Dust and Polycyclic Aromatic Hydrocarbon in the Pre-Transitional Disk around HD 169142

TL;DR

This study models the dust and PAH emission in the pre-transitional disk of HD 169142, revealing complex dust structures and PAH features that inform planet formation processes.

Contribution

It presents a combined spectral and spatial modeling of dust and PAHs in the disk, incorporating porous dust and PAH features with detailed disk structure.

Findings

Porous dust model fits the SED across IR to millimeter wavelengths.

PAH emission features are well reproduced by the model.

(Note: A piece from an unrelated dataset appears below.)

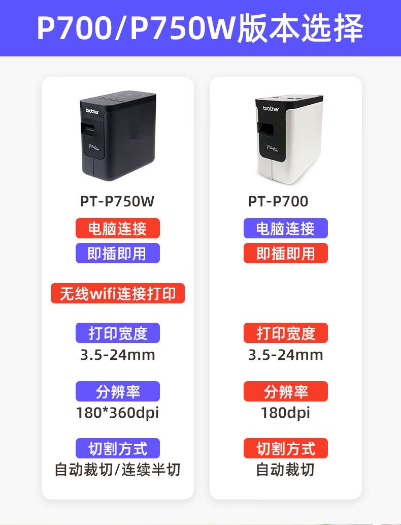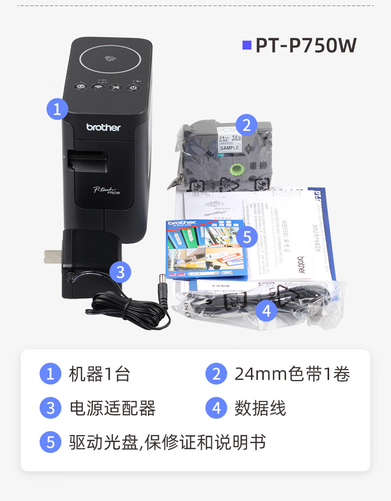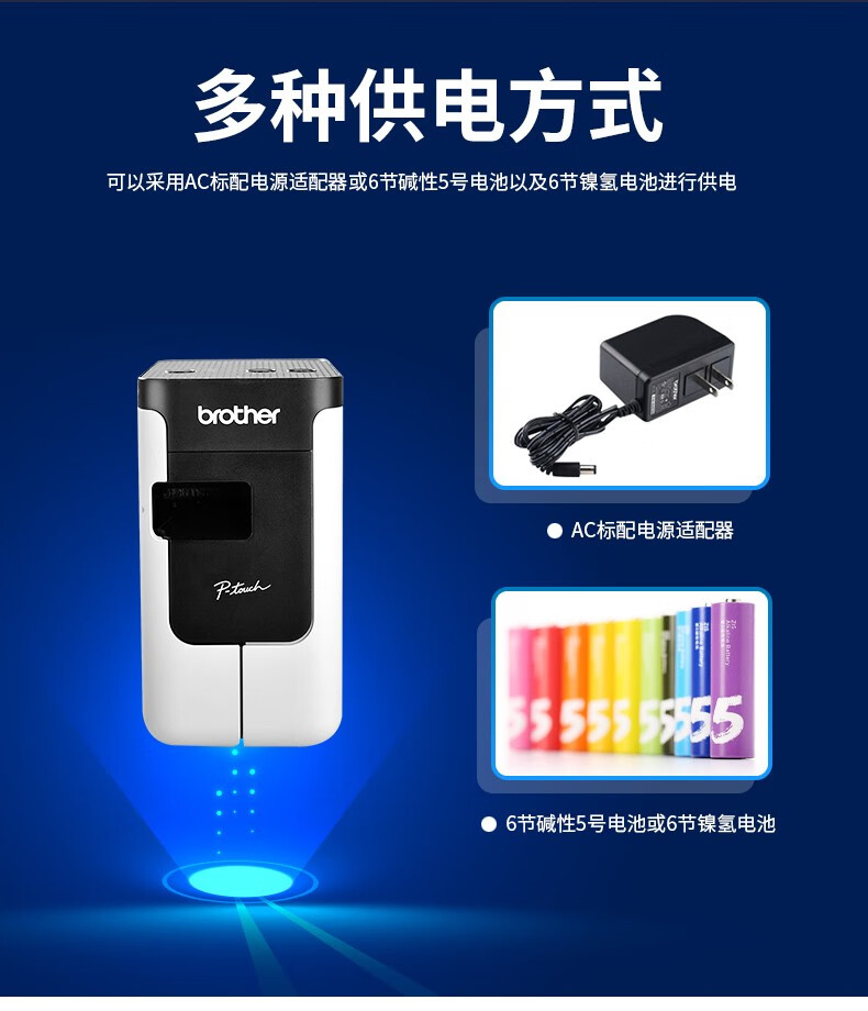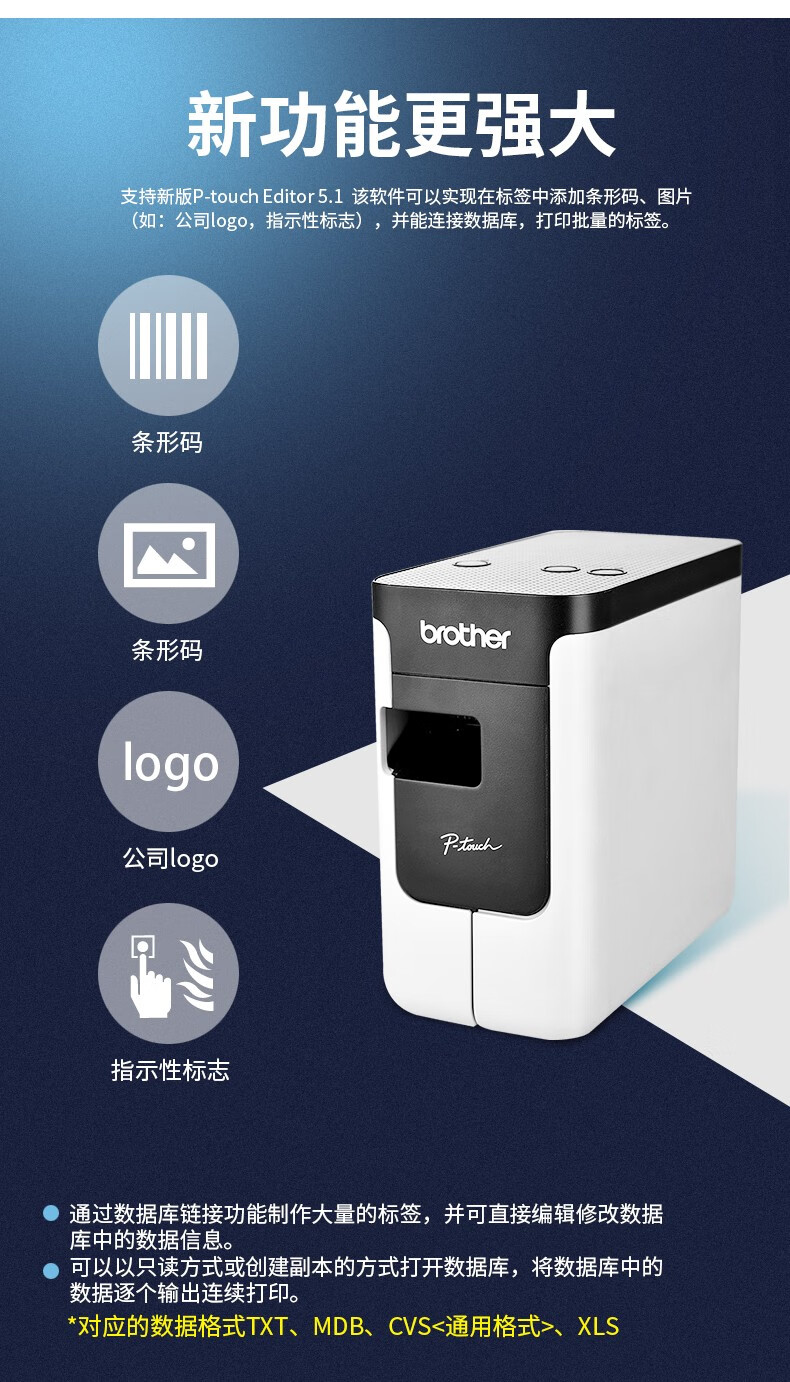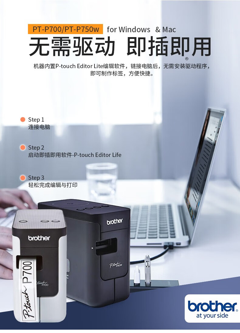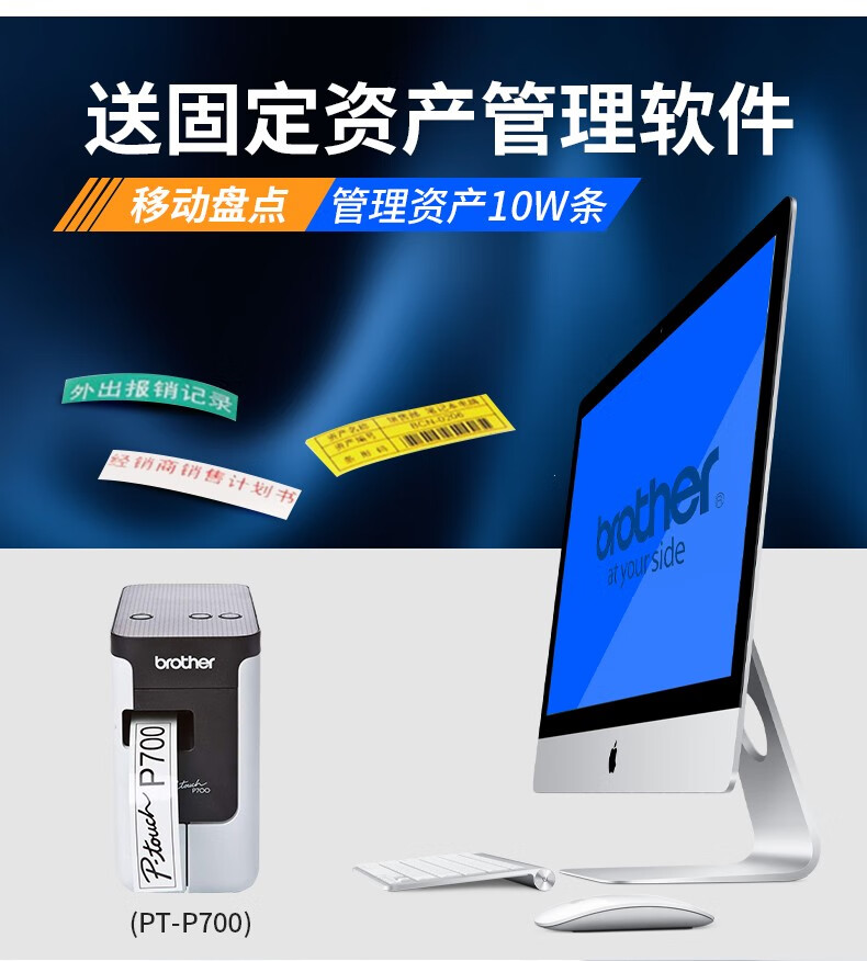 兄弟标签机PT-P700连电脑桌面固定资产标签打印机通信线缆打签机 官方标配+5卷色带

Ice mantle accretion occurs between 16 and 60 AU, overlapping with PAH emission region.

Abstract

The pre-transitional disk around the Herbig Ae star HD 169142 shows a complex structure of possible ongoing planet formation in dust thermal emission from the near infrared (IR) to millimeter wavelength range. Also, a distinct set of broad emission features at 3.3, 6.2, 7.7, 8.6, 11.3, and 12.7 $\mu$m, commonly attributed to polycyclic aromatic hydrocarbons (PAHs), are detected prominently in the HD 169142 disk. We model the spectral energy distribution (SED) as well as the PAH emission features of the HD 169142 disk simultaneously with porous dust and astronomical-PAHs taking into account the spatially resolved disk structure. Our porous dust model consisting of three distinct components that are primarily concentrated in the inner ring, middle ring, and outer disk, respectively, provides an excellent fit to the entire SED, and the PAH model closely reproduces the observed PAH features. The accretion of ice mantles onto porous dust aggregates occurs between ~16 AU and 60 AU, which overlaps with the spatial extent (~50 AU) of the observed PAH emission features. Finally, we discuss the role of PAHs in the formation of planets possibly taking place in the HD 169142 system.